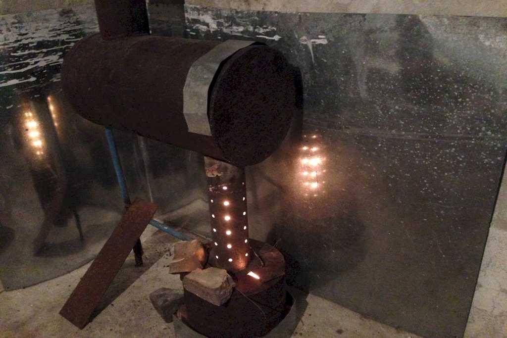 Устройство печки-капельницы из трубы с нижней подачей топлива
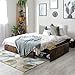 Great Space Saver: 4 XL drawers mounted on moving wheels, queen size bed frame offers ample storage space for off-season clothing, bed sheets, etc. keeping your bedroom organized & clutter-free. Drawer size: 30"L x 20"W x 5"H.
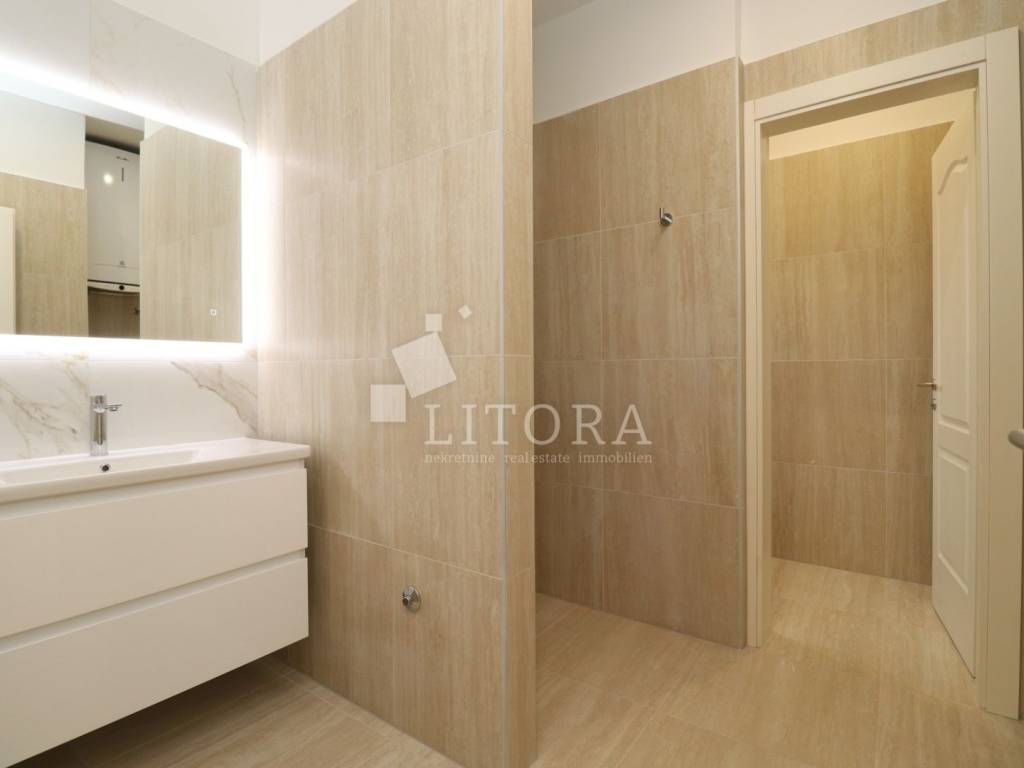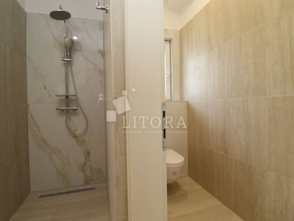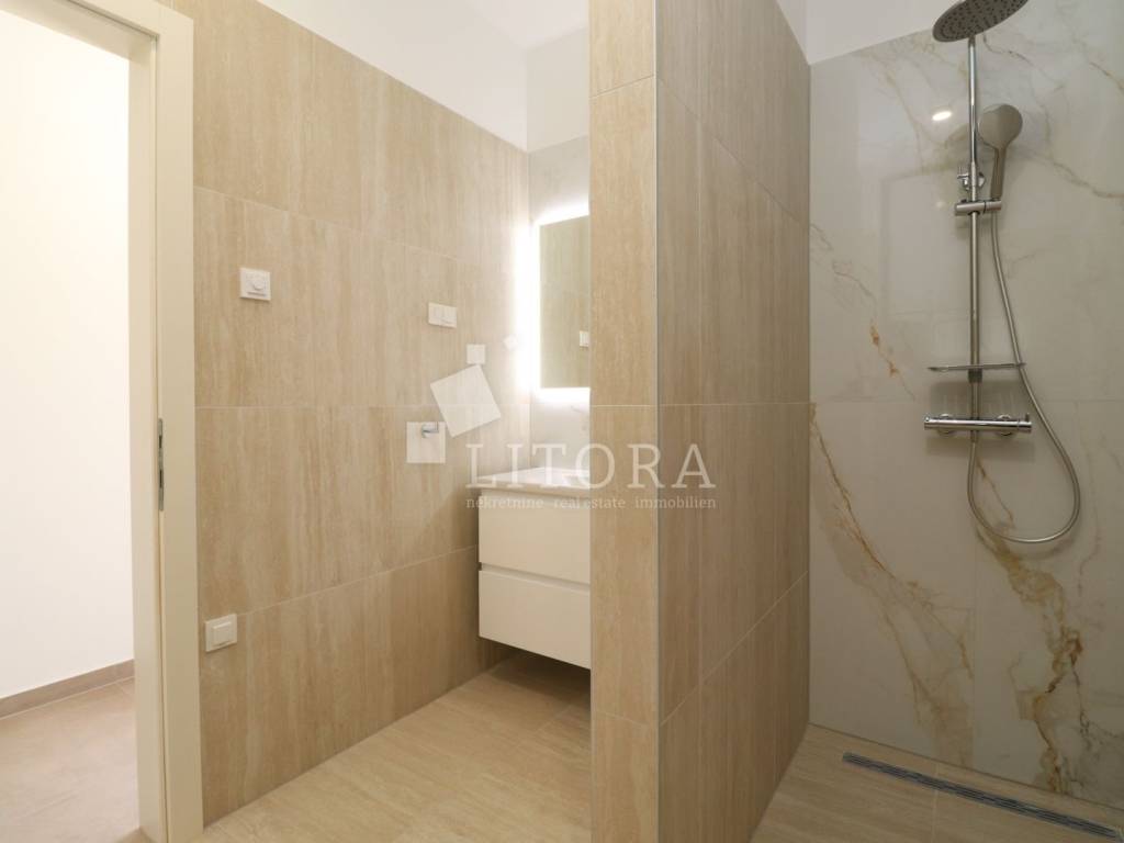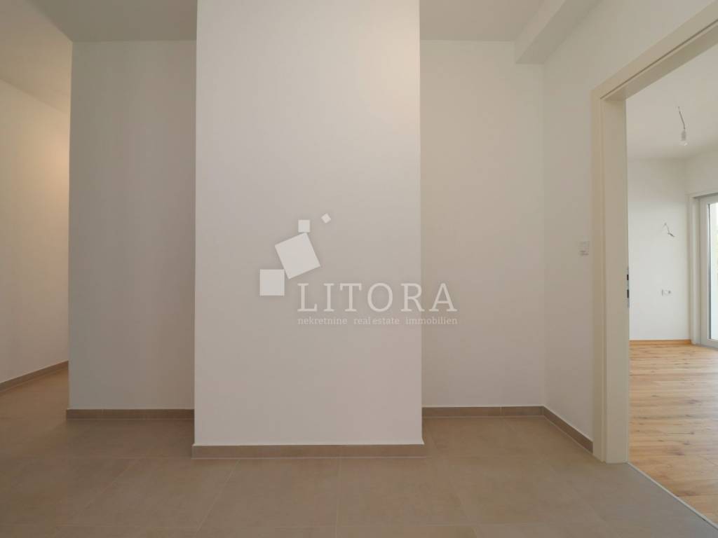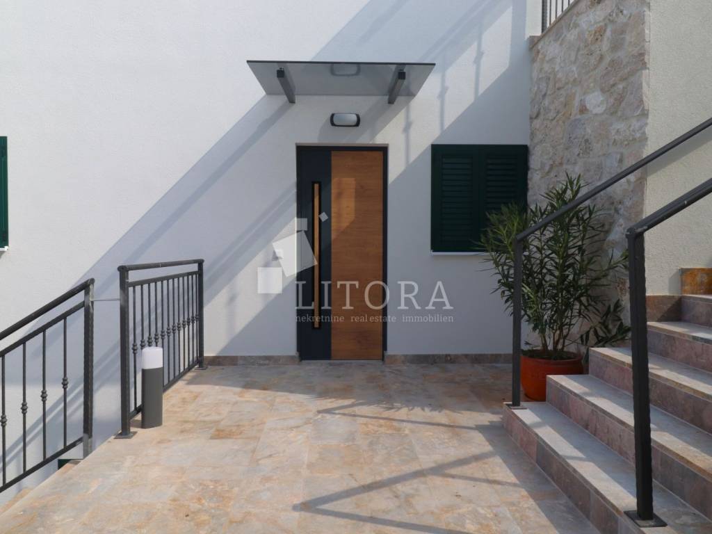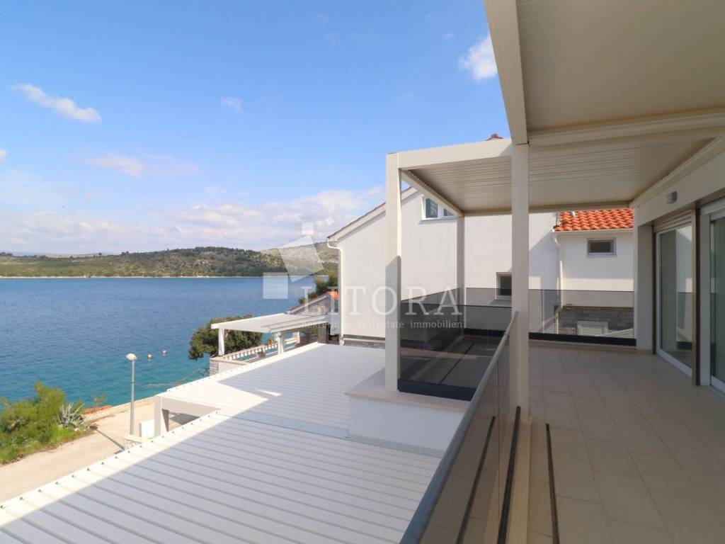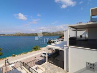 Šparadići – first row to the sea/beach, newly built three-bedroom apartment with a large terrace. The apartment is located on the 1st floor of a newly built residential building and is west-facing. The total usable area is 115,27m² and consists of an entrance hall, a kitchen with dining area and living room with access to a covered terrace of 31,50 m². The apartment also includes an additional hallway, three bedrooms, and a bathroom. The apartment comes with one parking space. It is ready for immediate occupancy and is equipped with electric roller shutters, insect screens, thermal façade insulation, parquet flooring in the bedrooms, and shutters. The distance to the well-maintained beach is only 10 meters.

== == ==

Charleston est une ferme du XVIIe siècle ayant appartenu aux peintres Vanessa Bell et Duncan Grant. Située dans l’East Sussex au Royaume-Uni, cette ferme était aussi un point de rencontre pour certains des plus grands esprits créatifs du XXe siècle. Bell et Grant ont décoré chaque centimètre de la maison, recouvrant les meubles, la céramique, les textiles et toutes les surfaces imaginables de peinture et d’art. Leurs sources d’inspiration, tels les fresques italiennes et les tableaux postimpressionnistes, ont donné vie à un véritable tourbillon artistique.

== == ==

INSTRUCTIONS TO FOLLOW:
In the records above, find the line with "Устройство печки-капельницы из" and the line with "Great Space Saver: 4", then restate word for word only those two lines and all lines between, omitting pictures.

YOUR SOLUTION:
 Устройство печки-капельницы из трубы с нижней подачей топлива
 Great Space Saver: 4 XL drawers mounted on moving wheels, queen size bed frame offers ample storage space for off-season clothing, bed sheets, etc. keeping your bedroom organized & clutter-free. Drawer size: 30"L x 20"W x 5"H.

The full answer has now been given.